▶ YOUR OBJECTIVE
Set down the records exactly as they stand, except for any pictures, which you should omit.

▶ DATA FOR THIS EXERCISE
┄┄┄┄┄┄┄┄┄┄
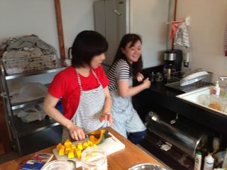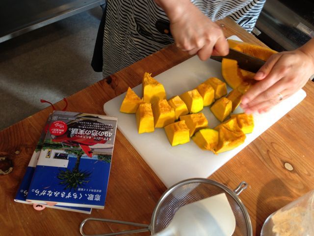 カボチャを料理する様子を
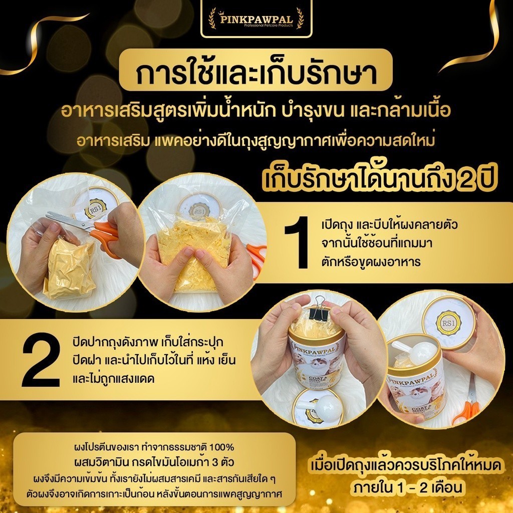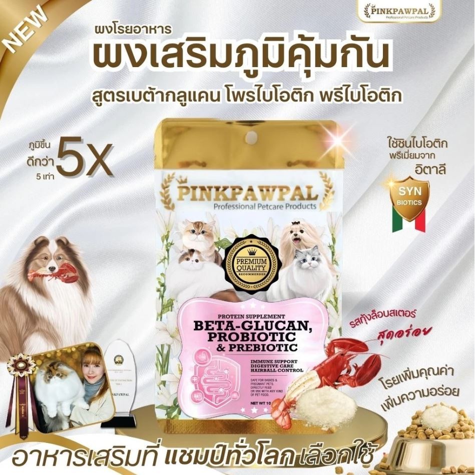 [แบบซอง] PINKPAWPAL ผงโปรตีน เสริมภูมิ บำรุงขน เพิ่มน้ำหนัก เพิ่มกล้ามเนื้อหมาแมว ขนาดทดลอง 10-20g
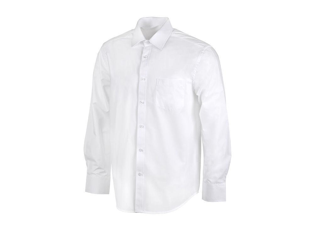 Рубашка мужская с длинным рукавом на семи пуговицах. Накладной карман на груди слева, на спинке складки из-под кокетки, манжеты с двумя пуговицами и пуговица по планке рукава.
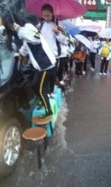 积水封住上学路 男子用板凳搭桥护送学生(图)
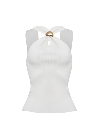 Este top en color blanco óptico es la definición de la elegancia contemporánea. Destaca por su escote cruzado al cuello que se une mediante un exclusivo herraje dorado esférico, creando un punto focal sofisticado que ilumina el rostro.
┄┄┄┄┄┄┄┄┄┄
▶ ANSWER FOR THIS EXERCISE
 カボチャを料理する様子を
 [แบบซอง] PINKPAWPAL ผงโปรตีน เสริมภูมิ บำรุงขน เพิ่มน้ำหนัก เพิ่มกล้ามเนื้อหมาแมว ขนาดทดลอง 10-20g
 Рубашка мужская с длинным рукавом на семи пуговицах. Накладной карман на груди слева, на спинке складки из-под кокетки, манжеты с двумя пуговицами и пуговица по планке рукава.
 积水封住上学路 男子用板凳搭桥护送学生(图)
 Este top en color blanco óptico es la definición de la elegancia contemporánea. Destaca por su escote cruzado al cuello que se une mediante un exclusivo herraje dorado esférico, creando un punto focal sofisticado que ilumina el rostro.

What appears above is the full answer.